American Council of Life Insurers (ACLI) President and CEO Susan Neely, National Association of Insurance and Financial Advisors (NAIFA) CEO Kevin Mayeux and NAIFA-Kentucky Immediate Past President Brian Wilson issued the following joint statement on the annuity best interest rule recently adopted by the Kentucky Department of Insurance:

“The new rule adopted by the Kentucky Department of Insurance is an important win for Bluegrass State consumers seeking lifetime income in retirement. It incorporates the enhanced consumer protections in the National Association of Insurance Commissioners’ (NAIC) updated model regulation on annuity transactions.

“Moreover, it adds to the nationwide push for improved protections for retirement savers. Kentucky is the 17th state to adopt the NAIC model rule, which also aligns with the SEC’s Regulation Best Interest. Unlike a fiduciary-only approach, these measures make sure savers, particularly financially vulnerable middle-income Americans, can access information about different choices for long-term security throughout retirement.

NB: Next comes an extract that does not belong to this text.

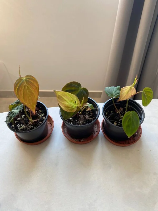 Вот они, 10€, та что справа малютка ещё, живёт пока во влажной теплице, 6€. Все они дети алоказии, которую я приперла из Москвы, она героически дала 4х детей и померла 😬
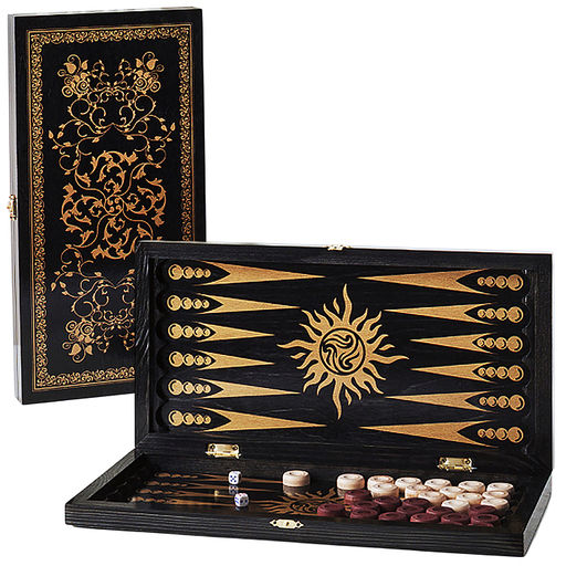 Нарды малые черные, рисунок золото "Вьюн" (400*200*40)

According to a new study, a fiduciary-only approach would limit choices for consumers, reduce savings of nearly 3 million people by $140 billion and widen the racial wealth gap by 20%.

“The U.S. Congress confirmed the importance of lifetime income when it passed legislation in 2019 that made it easier for employers to include annuities in workplace retirement plans. These protections safeguard consumers while also ensuring that middle- and working-class families retain access to annuities.

“We hope more states follow Kentucky and implement this practical protection so more consumers across America can benefit from a best interest standard of care, no matter where they live.”